▸ Task to complete: What you produce should be the lines from the line containing "ネイルカラー A186 ¥308(税込)----------♡ダークなブラウンでお洒落" through the last line below, both ends included, reproduced exactly and without pictures.

····················

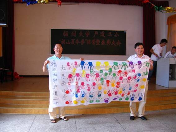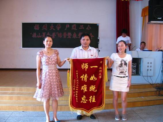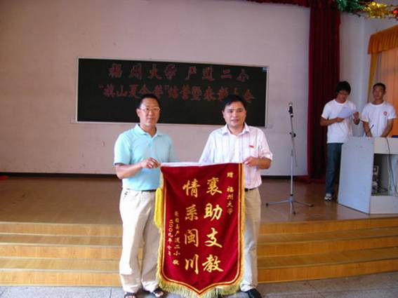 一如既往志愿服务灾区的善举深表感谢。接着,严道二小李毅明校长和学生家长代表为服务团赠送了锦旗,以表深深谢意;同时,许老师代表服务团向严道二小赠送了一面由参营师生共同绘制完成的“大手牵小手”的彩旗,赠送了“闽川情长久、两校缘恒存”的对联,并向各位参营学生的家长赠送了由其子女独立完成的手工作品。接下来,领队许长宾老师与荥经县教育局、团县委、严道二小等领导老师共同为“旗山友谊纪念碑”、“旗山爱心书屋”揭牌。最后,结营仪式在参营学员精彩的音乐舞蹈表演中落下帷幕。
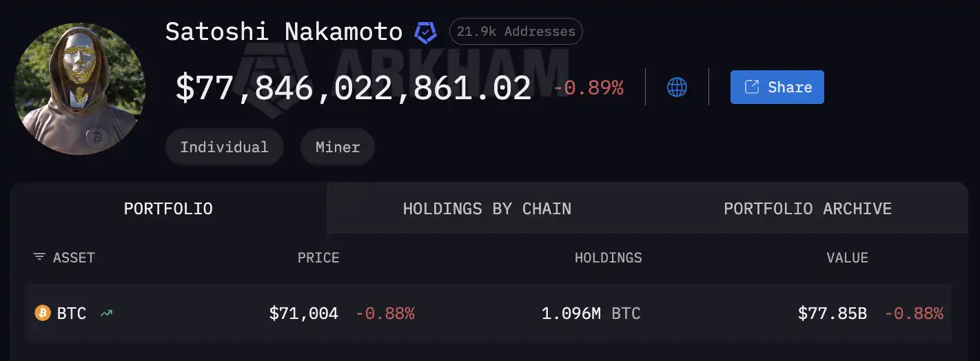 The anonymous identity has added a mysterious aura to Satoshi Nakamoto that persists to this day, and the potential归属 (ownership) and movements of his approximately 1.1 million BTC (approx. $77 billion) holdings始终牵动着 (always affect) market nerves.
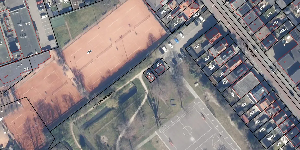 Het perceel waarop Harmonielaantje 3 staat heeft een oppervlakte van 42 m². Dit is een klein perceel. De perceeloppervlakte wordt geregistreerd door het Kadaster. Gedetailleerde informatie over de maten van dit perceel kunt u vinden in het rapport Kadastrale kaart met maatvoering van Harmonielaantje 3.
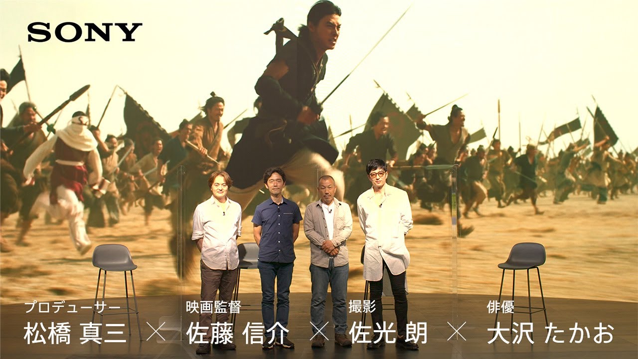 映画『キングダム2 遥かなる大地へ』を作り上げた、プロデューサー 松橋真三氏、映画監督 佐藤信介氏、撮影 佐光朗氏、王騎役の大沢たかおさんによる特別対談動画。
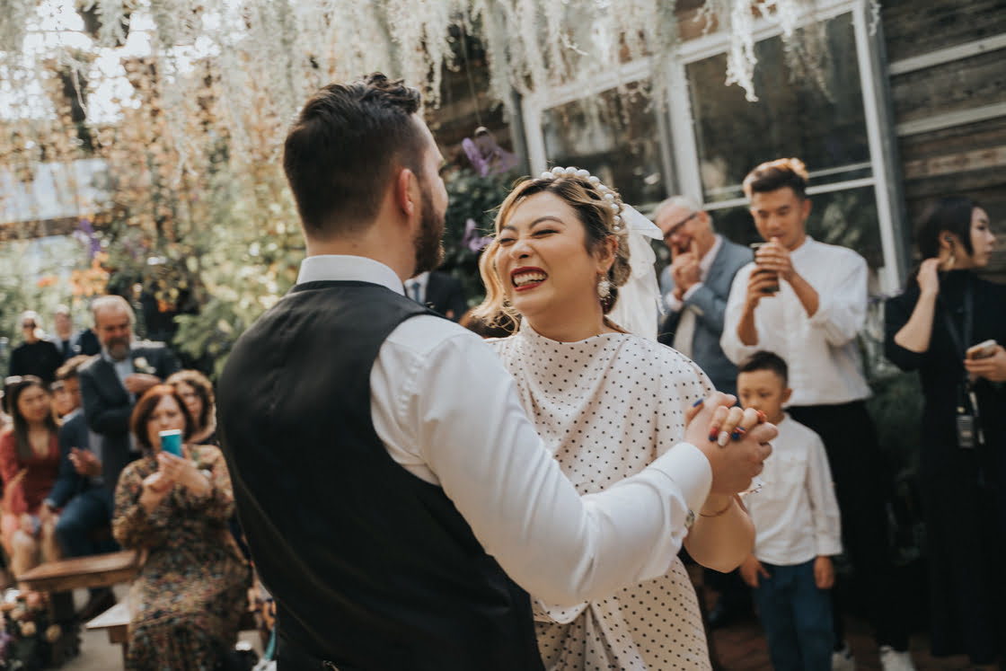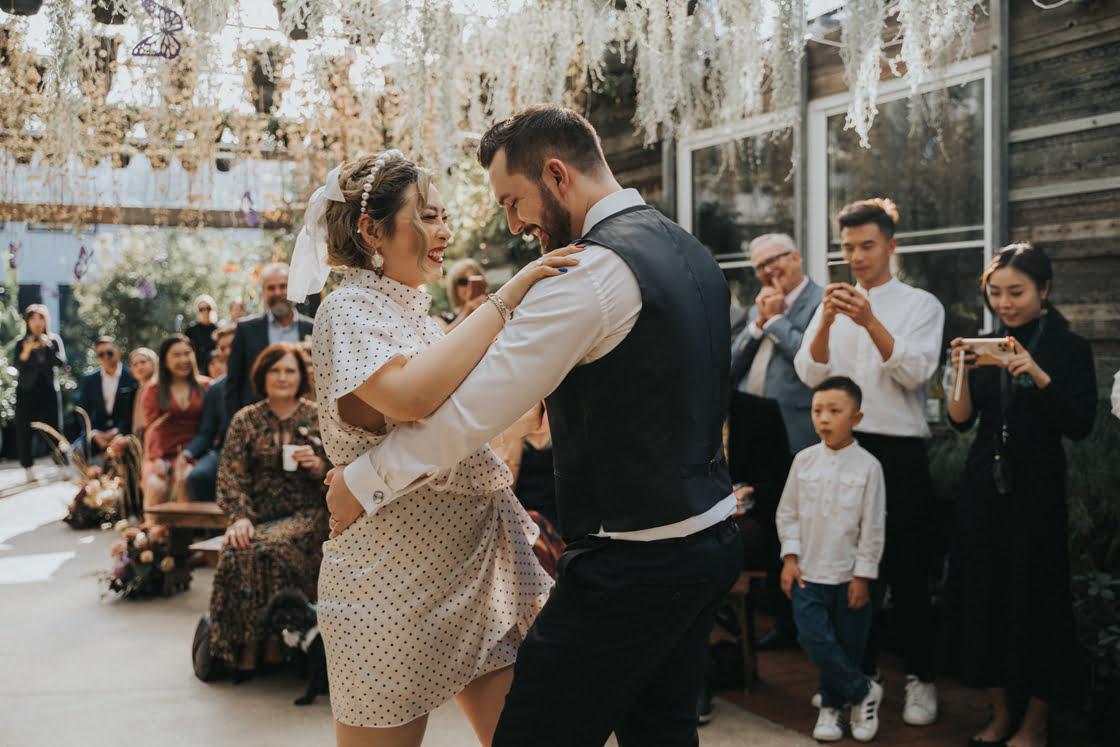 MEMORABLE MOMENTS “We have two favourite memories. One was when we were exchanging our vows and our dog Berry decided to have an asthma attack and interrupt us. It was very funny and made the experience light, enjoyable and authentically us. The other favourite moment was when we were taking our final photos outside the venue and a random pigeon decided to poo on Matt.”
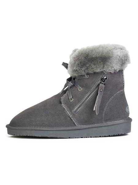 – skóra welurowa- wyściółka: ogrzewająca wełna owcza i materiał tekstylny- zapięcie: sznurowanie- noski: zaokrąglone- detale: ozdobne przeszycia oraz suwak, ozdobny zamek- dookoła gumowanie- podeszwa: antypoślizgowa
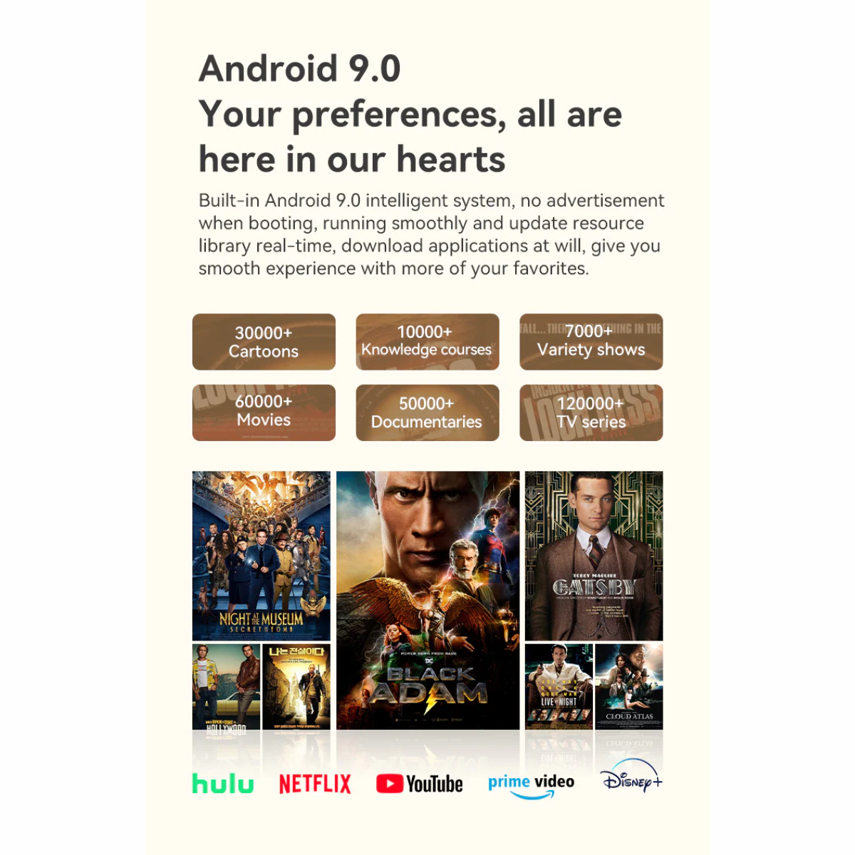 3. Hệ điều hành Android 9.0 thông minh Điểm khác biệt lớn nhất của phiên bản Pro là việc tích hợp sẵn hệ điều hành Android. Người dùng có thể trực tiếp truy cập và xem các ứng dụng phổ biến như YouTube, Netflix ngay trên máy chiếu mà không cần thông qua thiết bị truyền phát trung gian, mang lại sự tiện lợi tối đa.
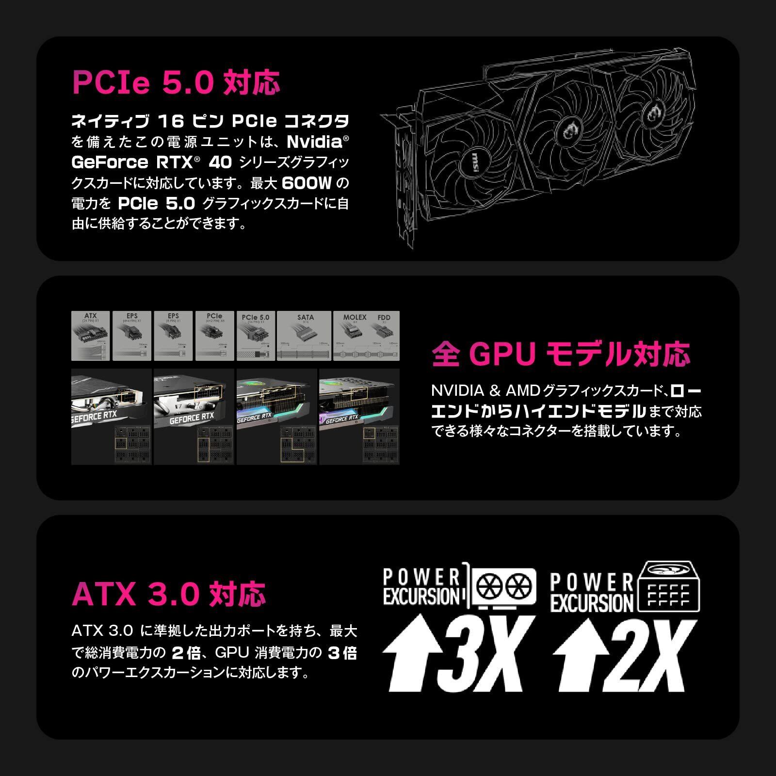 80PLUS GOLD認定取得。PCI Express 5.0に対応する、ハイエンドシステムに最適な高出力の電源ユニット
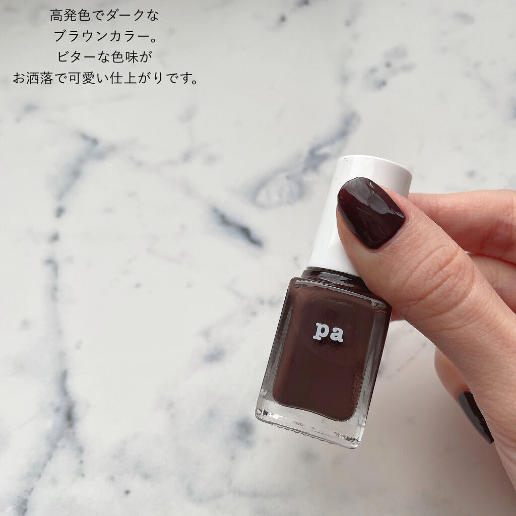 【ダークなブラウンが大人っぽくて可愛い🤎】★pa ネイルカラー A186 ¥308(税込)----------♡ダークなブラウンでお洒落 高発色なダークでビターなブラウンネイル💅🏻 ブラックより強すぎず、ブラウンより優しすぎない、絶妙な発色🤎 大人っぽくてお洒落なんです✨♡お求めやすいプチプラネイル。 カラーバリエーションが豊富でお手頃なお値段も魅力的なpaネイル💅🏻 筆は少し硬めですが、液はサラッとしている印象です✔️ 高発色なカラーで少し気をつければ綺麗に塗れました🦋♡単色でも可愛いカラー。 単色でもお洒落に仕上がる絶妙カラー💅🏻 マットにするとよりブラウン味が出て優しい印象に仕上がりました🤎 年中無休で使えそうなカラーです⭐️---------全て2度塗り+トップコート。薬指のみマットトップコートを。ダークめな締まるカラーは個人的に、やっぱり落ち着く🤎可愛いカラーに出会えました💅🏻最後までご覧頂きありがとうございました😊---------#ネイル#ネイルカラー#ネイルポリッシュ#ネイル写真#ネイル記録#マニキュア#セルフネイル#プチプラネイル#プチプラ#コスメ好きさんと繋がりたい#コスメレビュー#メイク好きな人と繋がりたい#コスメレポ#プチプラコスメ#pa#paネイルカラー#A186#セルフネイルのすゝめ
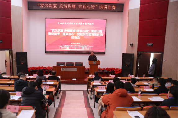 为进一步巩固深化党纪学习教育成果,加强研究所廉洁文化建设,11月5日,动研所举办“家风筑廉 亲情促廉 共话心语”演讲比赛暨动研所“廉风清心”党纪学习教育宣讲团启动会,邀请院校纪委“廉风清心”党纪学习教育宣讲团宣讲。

····················

▸ Response to the exercise:
 【ダークなブラウンが大人っぽくて可愛い🤎】★pa ネイルカラー A186 ¥308(税込)----------♡ダークなブラウンでお洒落 高発色なダークでビターなブラウンネイル💅🏻 ブラックより強すぎず、ブラウンより優しすぎない、絶妙な発色🤎 大人っぽくてお洒落なんです✨♡お求めやすいプチプラネイル。 カラーバリエーションが豊富でお手頃なお値段も魅力的なpaネイル💅🏻 筆は少し硬めですが、液はサラッとしている印象です✔️ 高発色なカラーで少し気をつければ綺麗に塗れました🦋♡単色でも可愛いカラー。 単色でもお洒落に仕上がる絶妙カラー💅🏻 マットにするとよりブラウン味が出て優しい印象に仕上がりました🤎 年中無休で使えそうなカラーです⭐️---------全て2度塗り+トップコート。薬指のみマットトップコートを。ダークめな締まるカラーは個人的に、やっぱり落ち着く🤎可愛いカラーに出会えました💅🏻最後までご覧頂きありがとうございました😊---------#ネイル#ネイルカラー#ネイルポリッシュ#ネイル写真#ネイル記録#マニキュア#セルフネイル#プチプラネイル#プチプラ#コスメ好きさんと繋がりたい#コスメレビュー#メイク好きな人と繋がりたい#コスメレポ#プチプラコスメ#pa#paネイルカラー#A186#セルフネイルのすゝめ
 为进一步巩固深化党纪学习教育成果,加强研究所廉洁文化建设,11月5日,动研所举办“家风筑廉 亲情促廉 共话心语”演讲比赛暨动研所“廉风清心”党纪学习教育宣讲团启动会,邀请院校纪委“廉风清心”党纪学习教育宣讲团宣讲。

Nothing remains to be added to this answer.